Out of memory with demo_pipeline_cnmfE.py

restrepd commented 1 year ago

For better support, please use the template below to submit your issue. When your issue gets resolved please remember to close it.

Sometimes errors while running CNMF occur during parallel processing which prevents the log to provide a meaningful error message. Please reproduce your error with setting dview=None.

If you need to upgrade CaImAn follow the instructions given in the documentation.

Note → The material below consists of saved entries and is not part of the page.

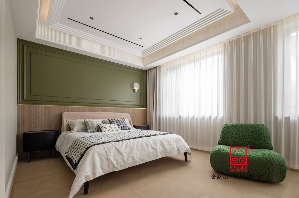 三樓主臥空間納入窗外四季風光意境,簡潔、舒適、寧靜,在這個臥室體現得淋漓盡致,設計就該更于回歸生活,并非不食煙火,而是剔除了方方面面的冗雜,以更鮮明更清晰的方式去表達出眼下的狀態。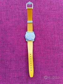 Orologio vintage **Benetton by Bulova** della collezione *Time of the World*, prodotto negli anni '90. Questo orologio unisex ha un design unico con quadrante nero e scritta Benetton, associato a un cinturino giallo in gomma che lo rende casual e colorato. La cassa in metallo con fondello in acciaio inossidabile conferisce robustezza e durata. Il movimento è al quarzo, e l'orologio è resistente all'acqua. Perfetto per collezionisti o appassionati di moda vintage.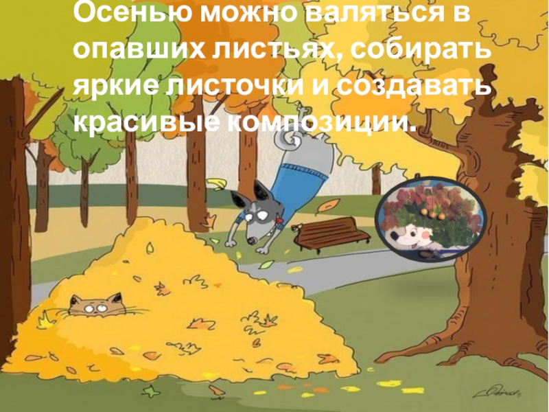 Слайд 4Осенью можно валяться в опавших листьях, собирать яркие листочки и создавать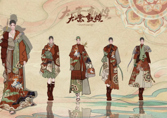 作品简介:灵感来源于敦煌莫高窟石壁里的飞天壁画,随着丝绸之路的开辟与繁荣,中西方各种文明在敦煌汇聚、创造出了具有敦煌气派风格,我以壁画中的九色鹿为创作点,设计了一系列敦煌华服。创作思路:敦煌壁画博大精深,成为创意的核心,通过研究九色鹿,特色敦煌纹样旨在捕捉并重新诠释这些经典元素,实现传统与时尚和谐共生。造型诠释:廓形选择当下流行的款式,以A、H型为主,大廓形宽松外套,肩部夸大设计,高领及弧形的袖型设计,不规则的裙摆进行经典搭配,呈现敦煌韵味的时装之美。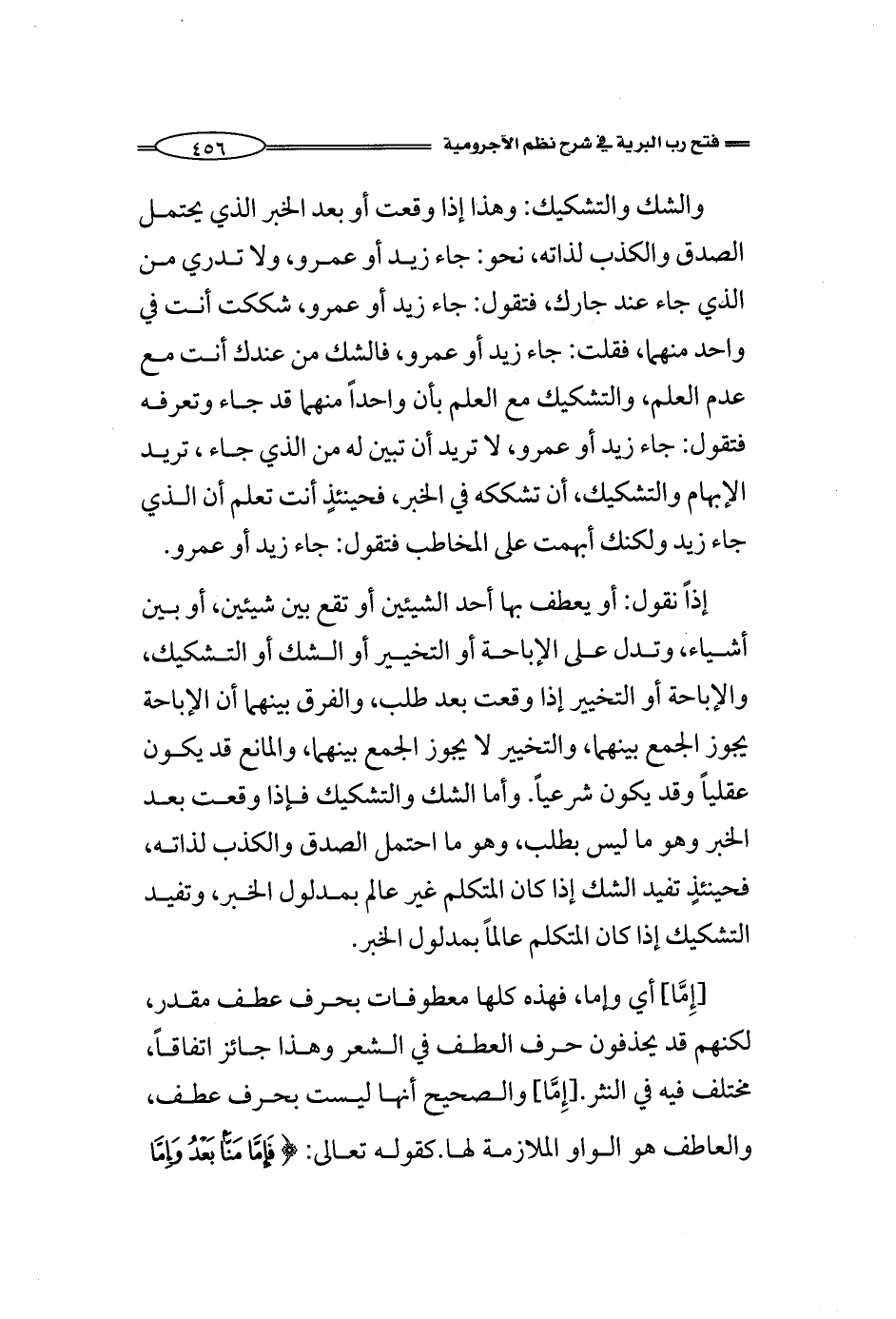 [إِمَّا] أي وإما، فهذه كلها معطوفات بحرف عطف مقدر، لكنهم قد يحذفون حرف العطف في الشعر وهذا جائز اتفاقاً، مختلف فيه في النثر. [إِمَّا] والصحيح أنها ليست بحرف عطف، والعاطف هو الواو الملازمة لها. كقوله تعالى: (فَإِمَّا مَنًّا بَعْدُ وَإِمَّا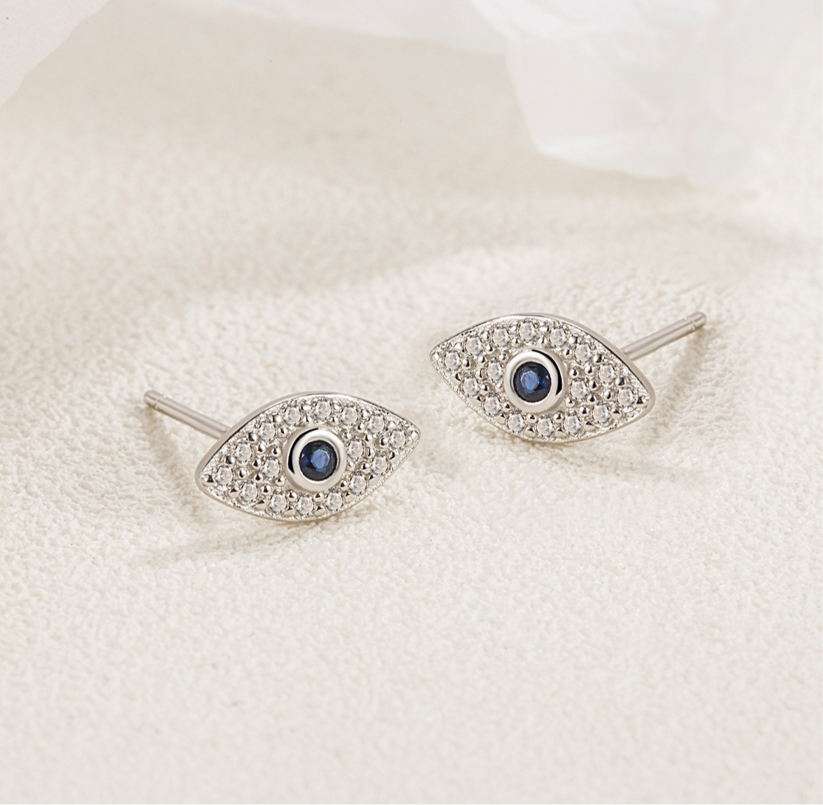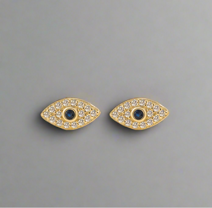 sterling silver stud earrings adorned with evil eye pendants available in silver or gold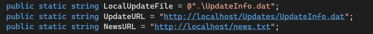 Edit this Line in the config.cs to where you hold your UpdateInfo.dat file generated with the Update Maker Also edit the NewsURL variable to point to a valid txt file on your web server. (NOTE: The app won't run well unless the news txt file is pointed correctly)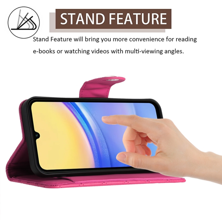 Funda de Cuero para Samsung Galaxy A55 con Tapa Textura Rómbica y Cordón Largo (Rojo Rosa)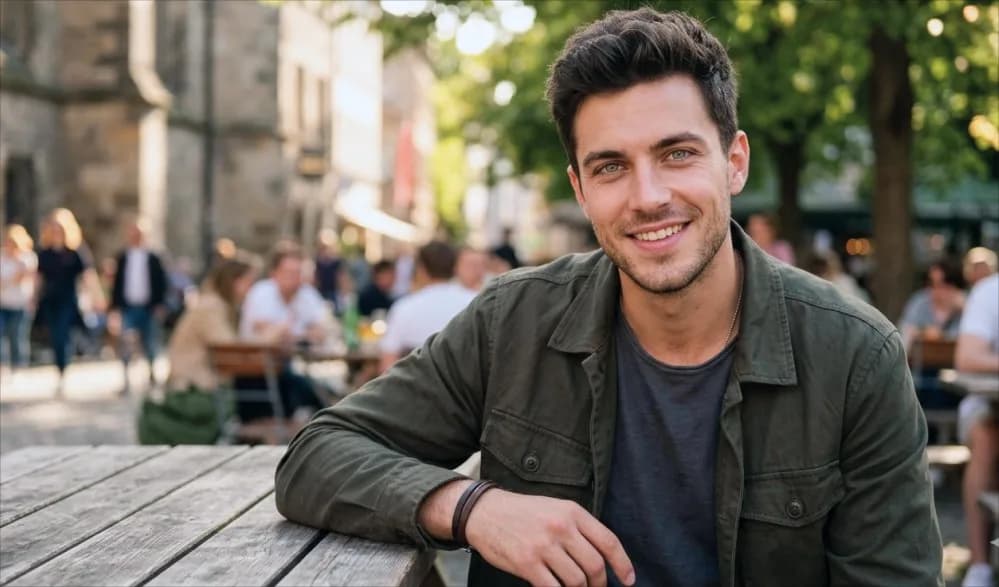 «Портрет привлекательного молодого мужчины, 28 лет, темные волосы, зеленые глаза, уверенная улыбка, повседневный стиль одежды, естественное освещение, фотореализм, высокое качество».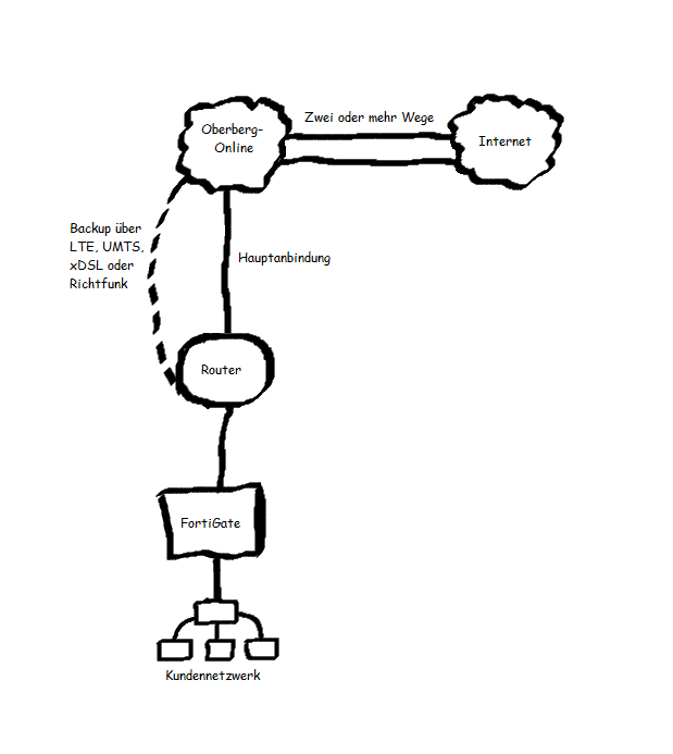 Szenario:Sie haben eine primäre Anbindung zu Oberberg-Online und nutzen IP-Adressen aus unserem Adressraum. Dieser Erstweg ist über einen Kabelweg (in Glas oder Kupfer) realisiert. Sollten Sie eine andere Anbindung an das Internet, z.B. als Direktkunde der Telekom, Vodafone oder eines anderen Anbieters betreiben, sprechen Sie uns auf Migrationsmöglichkeiten, bzw. technische Machbarkeit gerne an.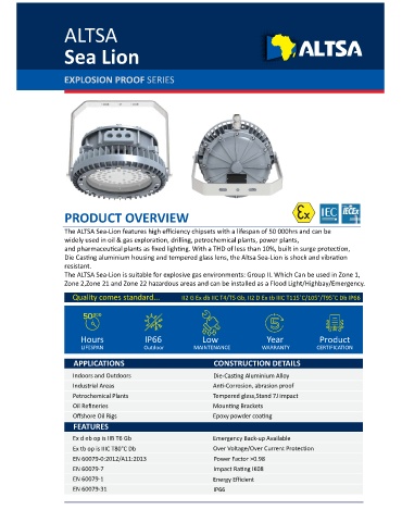 The ALTSA Sea-Lion features high efficiency chipsets with a lifespan of 50 000hrs and can be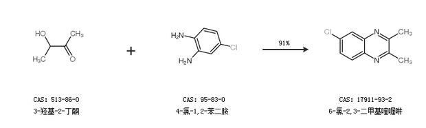 2.通過3-羥基-2-丁酮和4-氯-1,2-苯二胺合成6-氯-2,3-二甲基喹喔啉,收率約91%;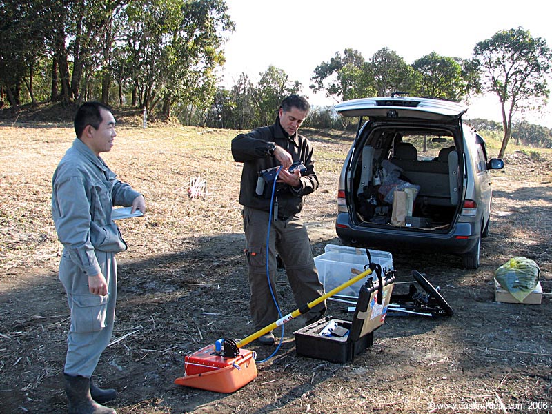Dean’s actual job is to travel to the far corners of the Earth with his high-tech microwave radar equipment and generate images of whatever’s hidden beneath his feet. On the more interesting trips, this can consist of anything from giant tombs to uncollapsed one-man burial chambers to ancient Roman aqueducts. On the less interesting ones, dirt. We were on our way to survey some 5th century burial mounds in Miyazaki Prefecture.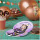 Cute personalized birthday paper plates for a girl's birthday party. A sweet anime girl in a fox ears hoodie holding a purple and black birthday cake.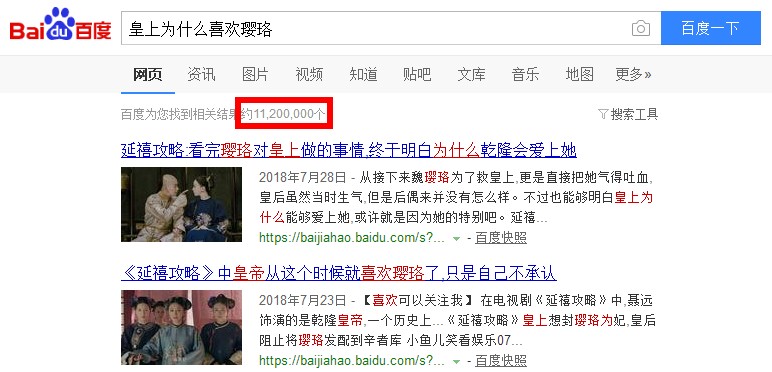 《延禧攻略》有多火?看看“度娘”的回答就知道了。在百度上搜索“皇上为什么喜欢璎珞”,仅这一个问题就能搜出1000多万个结果!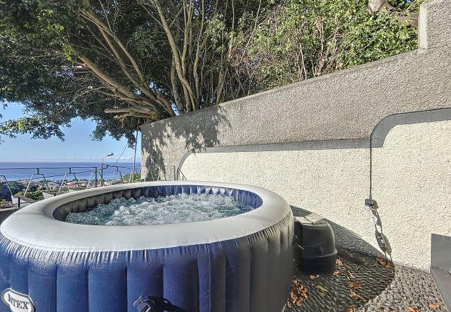 Im Außenbereich lädt ein Jacuzzi mit Blick über Funchal zum Entspannen ein. Ein Grill steht für Mahlzeiten im Freien bereit.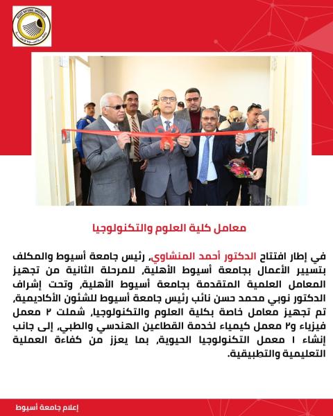 في إطار افتتاح الدكتور أحمد المنشاوي، رئيس جامعة أسيوط والمكلف بتسيير أعمال جامعة أسيوط الأهلية، للمرحلة الثانية من تجهيز المعامل العلمية المتقدمة، يوم الأربعاء 18 مارس 2026، وتحت إشراف الدكتور نوبي محمد حسن نائب رئيس جامعة أسيوط الأهلية للشئون الأكاديمية، تم تجهيز معامل كلية العلوم والتكنولوجيا.
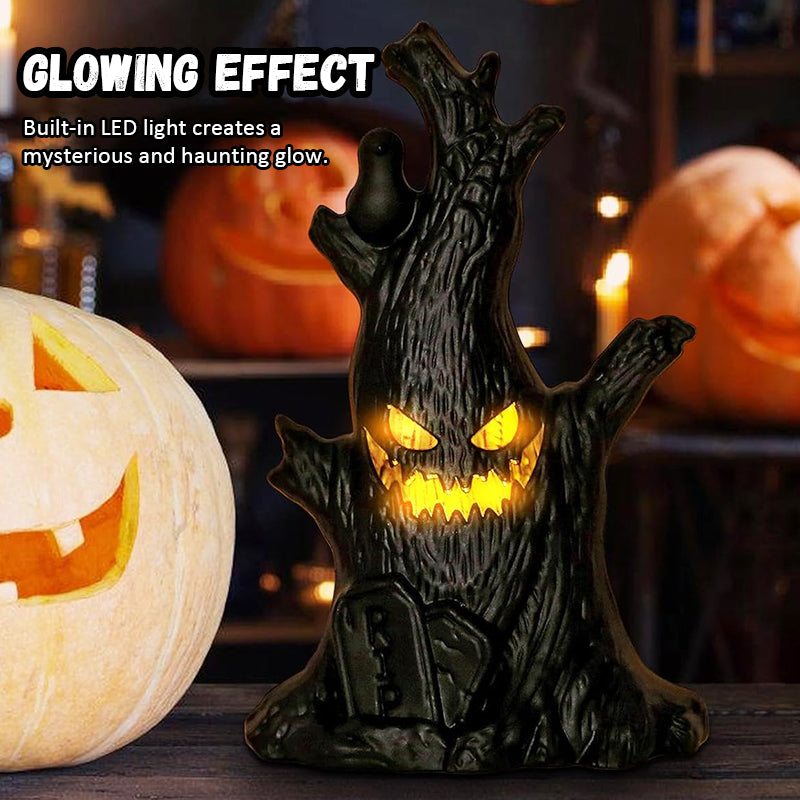 - 🌲 Uniek spookboomontwerp - Kwade grijns en scherpe, gloeiende ogen voor de ultieme griezelige look.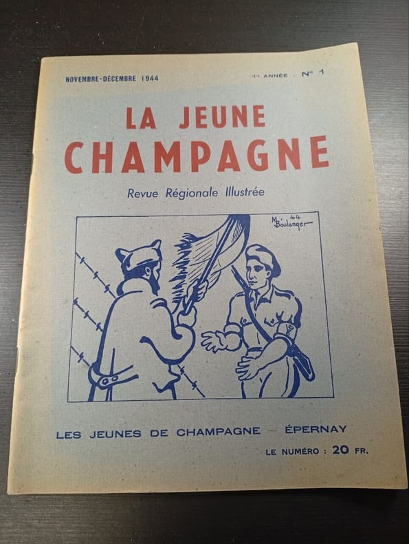 Les Jeunes de Champagne - Epernay Revue 1944 In-4 (21,2 x 27 cm), revue dos agrafé, 31 pages, illustrations en noir ; mouillure et rousseurs au premier plat, dos frotté, papier bruni, assez bon état général. Livraison a domicile (La Poste) ou en Mondial Relay sur simple demande.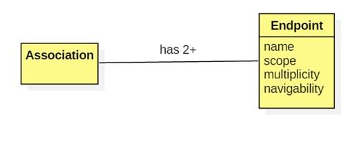 A binary association has two endpoints. (An N-ary association has N endpoints.)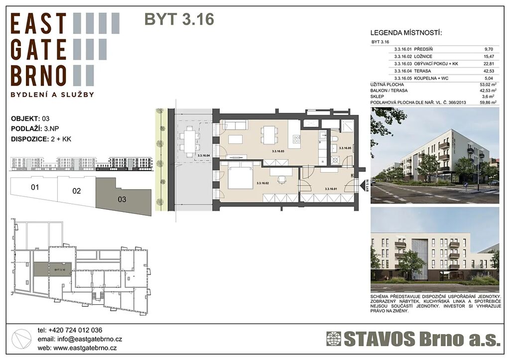 V nově zahájené výstavbě projektu EASTGATE v Brně - Slatině při ulici Řípská nabízíme prodej krásného bytu s terasou. Jedná se byt 2+kk ve III.NP. Dům je vybaven výtahem. Každý pokoj má přístup na terasu (terasa 43 m2). Dispozice je řešena jako obývací pokoj s kuchyní (22,81 m2) a pokoje (15,47 m2), koupelna s WC (5,04 m2) a chodba (9,7 m2) s možností umístění vestavných skříní. Aktuálně se provádí základání stavby a tak je možné přizpůsobit si byt vlastním požadavkům v rámci klientských změn.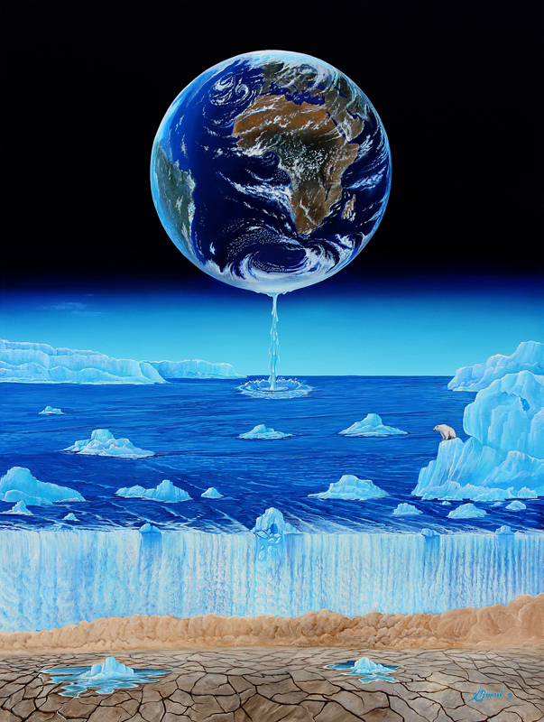 “Meltdown” Reveals the revelation of natural disasters happening worldwide, floods, droughts, forest fires, and extreme weather conditions to our planet which is under siege from Climate Change. We perceive the continuation of glacier-melt happening in Polar Regions and beyond, ultimately triggering catastrophic effects or “Meltdown” on our planet. Original painting by artist Kurt Burmann © Polar Bear - Detail ![]()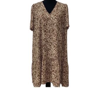 A New Day Swing Dress, Pull-over, Short sleeves, Ruffle hem V-Neck. Approx measurements Pit to Pit 23", Length 35"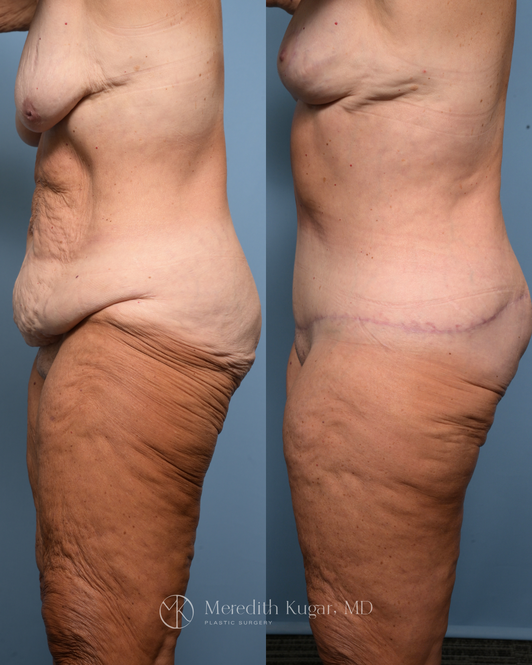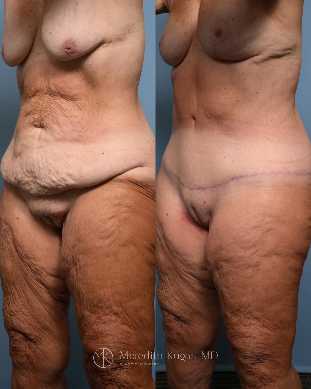 After losing 70 pounds with a GLP-1 medication, this 67 year old patient was ready to feel good in her body again. She did not want implants but wanted to address changes from her weight loss. She underwent a mastopexy (breast lift) and extended abdominoplasty with SAFELiposuction. This combination of breast and body surgery is often called a mommy makeover. The extended tummy tuck approach also created significant improvement to her lateral thighs, as shown in the photos. Results shown here at 5 months post-surgery.
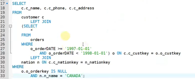 7、在dbt3数据库,客户是加拿大,在1997年没有产生订单的客户,怎么写sql?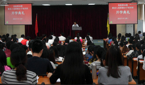 开学典礼在庄严的国歌声中拉开帷幕。麦培年对近年来广外和我校在培养和发展党员的基本情况进行了通报。对于办好党校,他提出要按照“控制总量、优化结构、提高质量、发挥作用”的总要求,积极探索党支部建设的有效形式,完善各种党员发展、培养机制。同时,他对新一批入党积极分子提出三点期望:志存高远,始终坚持共产主义的理想信念;勇于担当,自觉肩负不辱使命的时代责任;锻炼才干,不断提高服务社会的本领能力。

Tell us a bit about your setup:
1. Operating system (Linux/macOS/Windows): Ubuntu 20.04.5 LTS
2. Python version (3.x): Python 3.10.6
3. Working environment (Python IDE/Jupyter Notebook/other): python IDE (same problem with Jupyter notebook)
4. Which of the demo scripts you're using for your analysis (if applicable): demo_pipeline_cnmfE.py
5. CaImAn version*: caiman 1.9.11
6. CaImAn installation process (pip install ./pip install -e ./conda): /pip install -e .`

*You can get the CaImAn version by creating a params object and then typing params.data['caiman_version']. If the field doesn't exist, type N/A and consider upgrading).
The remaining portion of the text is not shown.